- Required work -
Extract verbatim every line from the one containing "NUSAKALIMANTAN.COM, Pulang Pisau" to the final line of the records below, inclusive, and exclude all pictures.

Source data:

=== Section Start ===

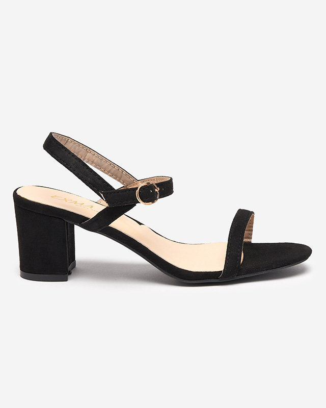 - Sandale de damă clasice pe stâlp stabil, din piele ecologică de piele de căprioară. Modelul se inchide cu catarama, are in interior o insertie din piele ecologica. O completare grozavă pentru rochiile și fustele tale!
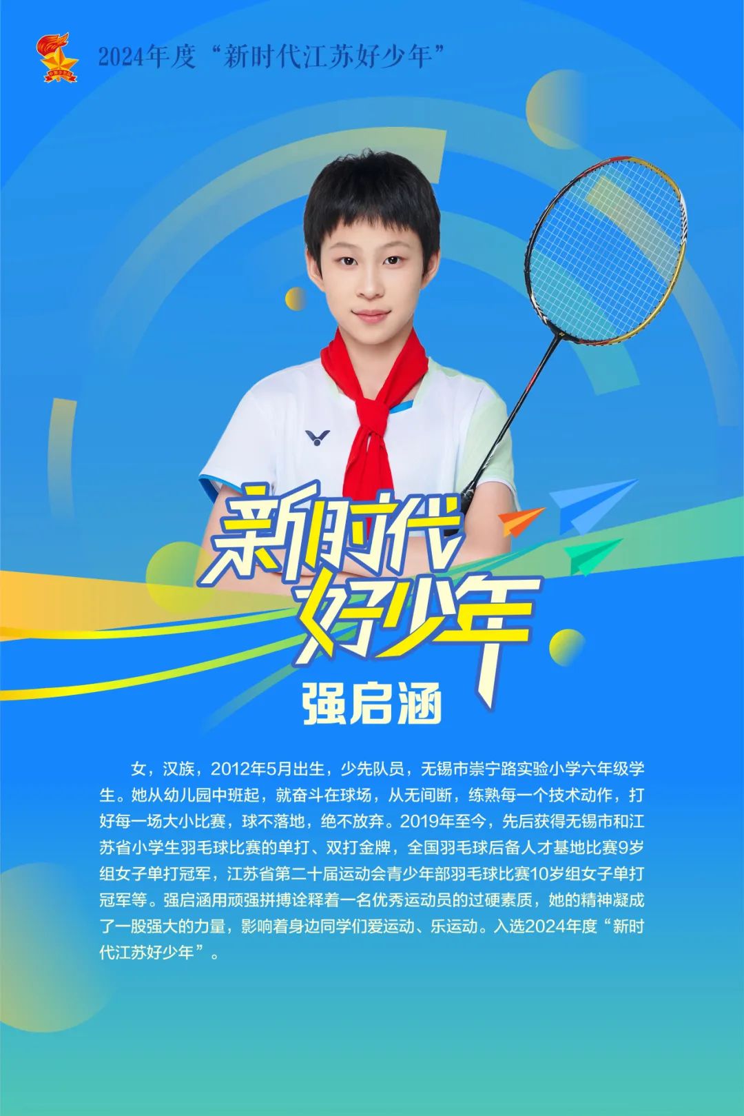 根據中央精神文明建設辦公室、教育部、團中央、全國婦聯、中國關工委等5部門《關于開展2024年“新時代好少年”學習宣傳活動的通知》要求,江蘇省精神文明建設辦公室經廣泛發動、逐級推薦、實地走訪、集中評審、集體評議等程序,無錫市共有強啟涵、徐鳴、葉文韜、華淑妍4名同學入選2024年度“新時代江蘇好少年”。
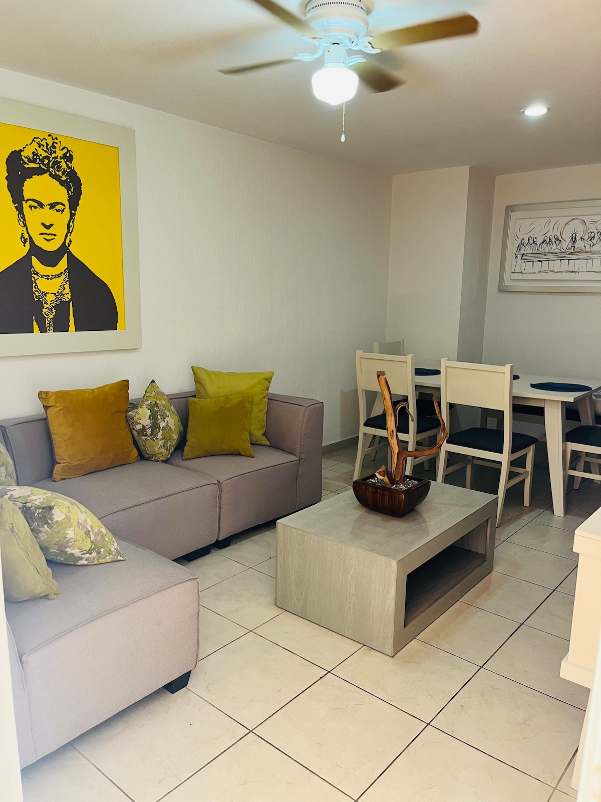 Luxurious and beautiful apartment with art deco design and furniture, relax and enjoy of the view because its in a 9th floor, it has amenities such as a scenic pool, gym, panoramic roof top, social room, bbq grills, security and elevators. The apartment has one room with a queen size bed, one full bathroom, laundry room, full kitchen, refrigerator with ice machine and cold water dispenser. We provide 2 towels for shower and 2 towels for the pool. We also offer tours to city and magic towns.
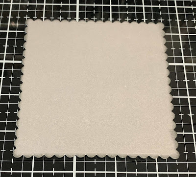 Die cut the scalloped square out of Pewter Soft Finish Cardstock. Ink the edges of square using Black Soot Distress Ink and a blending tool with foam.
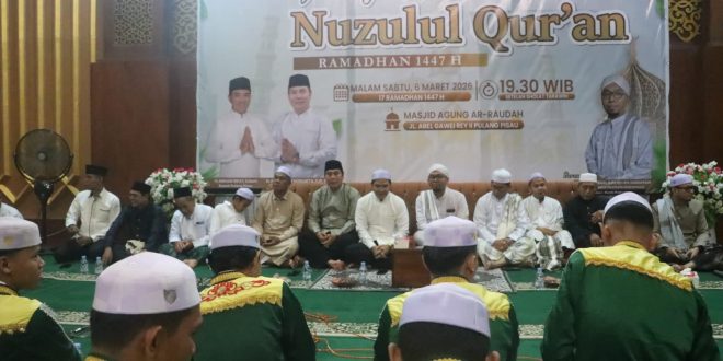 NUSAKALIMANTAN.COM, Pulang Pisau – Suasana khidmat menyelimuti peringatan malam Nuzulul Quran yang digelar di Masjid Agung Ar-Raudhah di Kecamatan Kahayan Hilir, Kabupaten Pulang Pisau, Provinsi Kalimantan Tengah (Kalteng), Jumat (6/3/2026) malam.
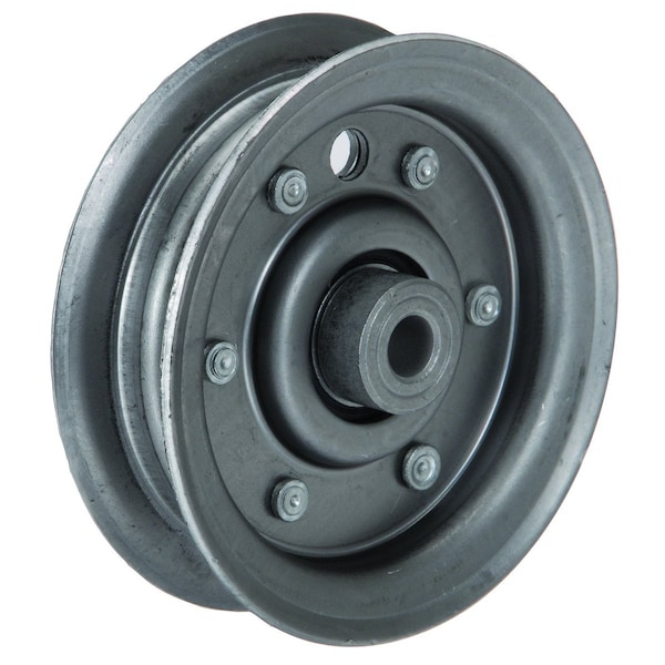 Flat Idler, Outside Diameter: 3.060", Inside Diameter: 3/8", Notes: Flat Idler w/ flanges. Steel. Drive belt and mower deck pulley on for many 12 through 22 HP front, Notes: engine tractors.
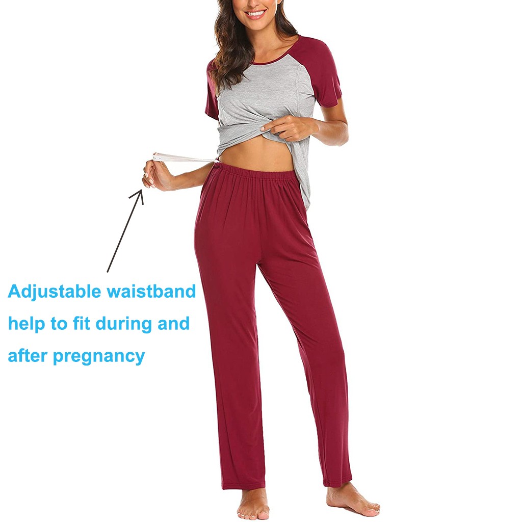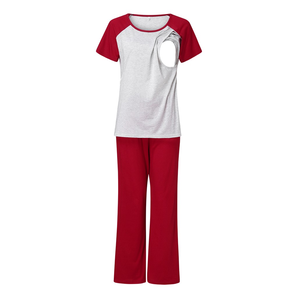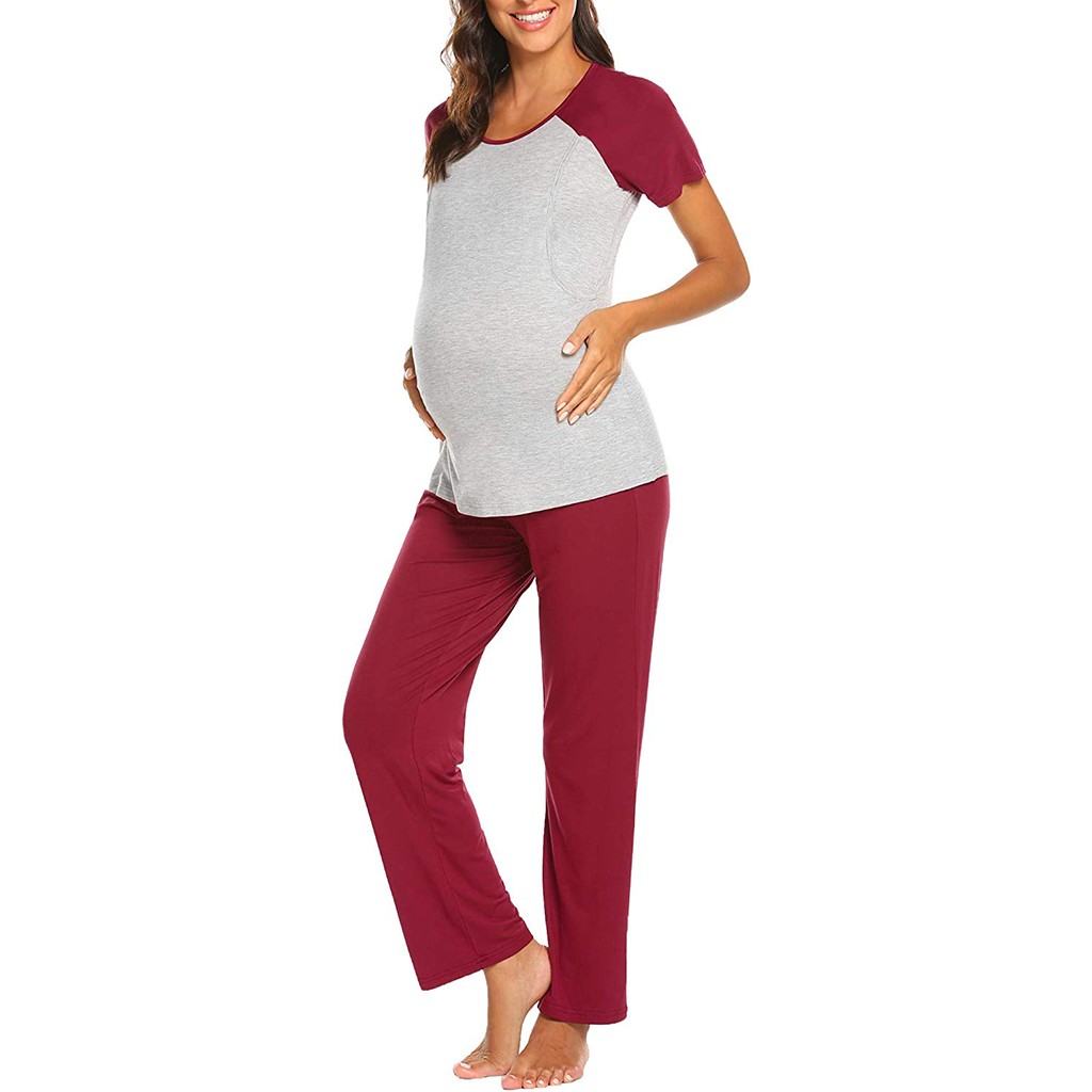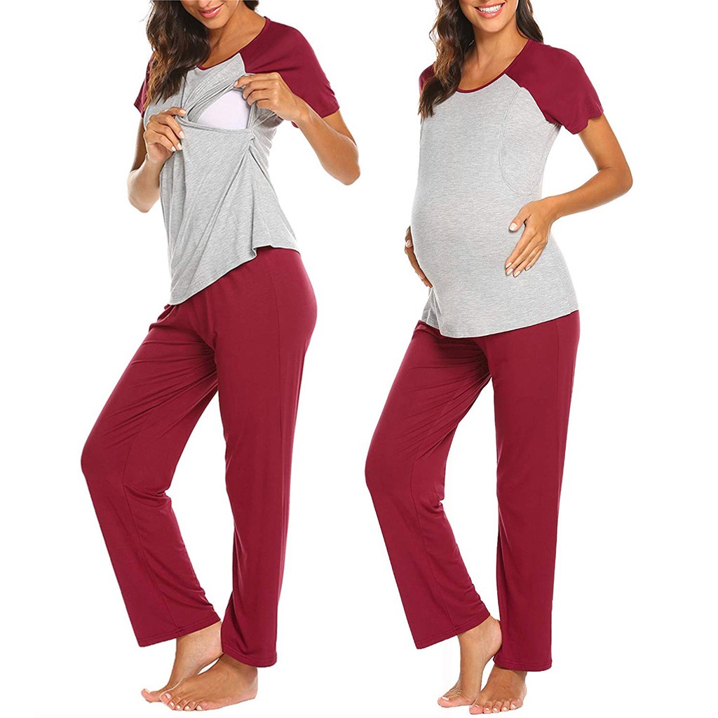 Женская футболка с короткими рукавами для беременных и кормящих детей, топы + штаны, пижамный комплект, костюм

=== Section End ===

- The answer -
 NUSAKALIMANTAN.COM, Pulang Pisau – Suasana khidmat menyelimuti peringatan malam Nuzulul Quran yang digelar di Masjid Agung Ar-Raudhah di Kecamatan Kahayan Hilir, Kabupaten Pulang Pisau, Provinsi Kalimantan Tengah (Kalteng), Jumat (6/3/2026) malam.
 Flat Idler, Outside Diameter: 3.060", Inside Diameter: 3/8", Notes: Flat Idler w/ flanges. Steel. Drive belt and mower deck pulley on for many 12 through 22 HP front, Notes: engine tractors.
 Женская футболка с короткими рукавами для беременных и кормящих детей, топы + штаны, пижамный комплект, костюм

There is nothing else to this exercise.